🤖 AI Summary
This work proposes a training-free motion control method for video diffusion models that circumvents the need for additional training or substantial computational overhead typically required for temporal conditioning. By directly injecting low-frequency phase information from a reference video into the latent space of the diffusion noise, the approach enables precise control over both appearance and dynamics of the generated video without modifying the model architecture or retraining. This study introduces, for the first time, a frequency-domain phase-based mechanism for noise manipulation, significantly simplifying the control pipeline while enhancing flexibility. Experimental results demonstrate that the method achieves, and in several cases surpasses, the video generation quality and motion consistency of existing, more complex approaches across multiple tasks.
📝 Abstract
Latent video diffusion models generate videos by progressively transforming Gaussian noise into realistic samples conditioned on text or visual inputs.
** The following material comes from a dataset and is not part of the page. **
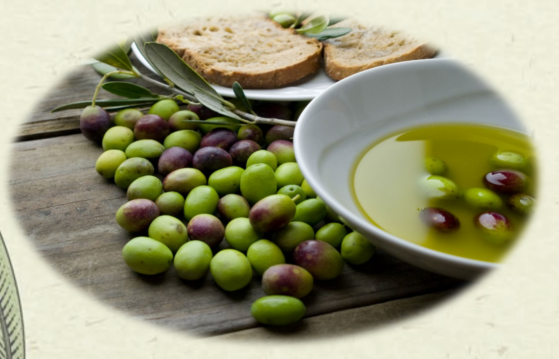
Coratina Olives, native to our origin foundations in Bari, Italy.

Home of "Fruttato di Coratina", known as the highest quality Extra Virgin Olive Oil in the industry.

However, existing conditioning methods often require additional training and computational overhead. Motivated by recent findings on the importance of frequency components in generative models, we propose a simple, training-free approach for motion-conditioned video generation by injecting low-frequency phase information from a reference video directly into the diffusion noise latents. Our method transfers motion cues without modifying the model architecture or inference pipeline. Using several applications, we demonstrate effective control over both appearance and dynamics in generated videos, while achieving competitive or superior results compared to more complex conditioning approaches.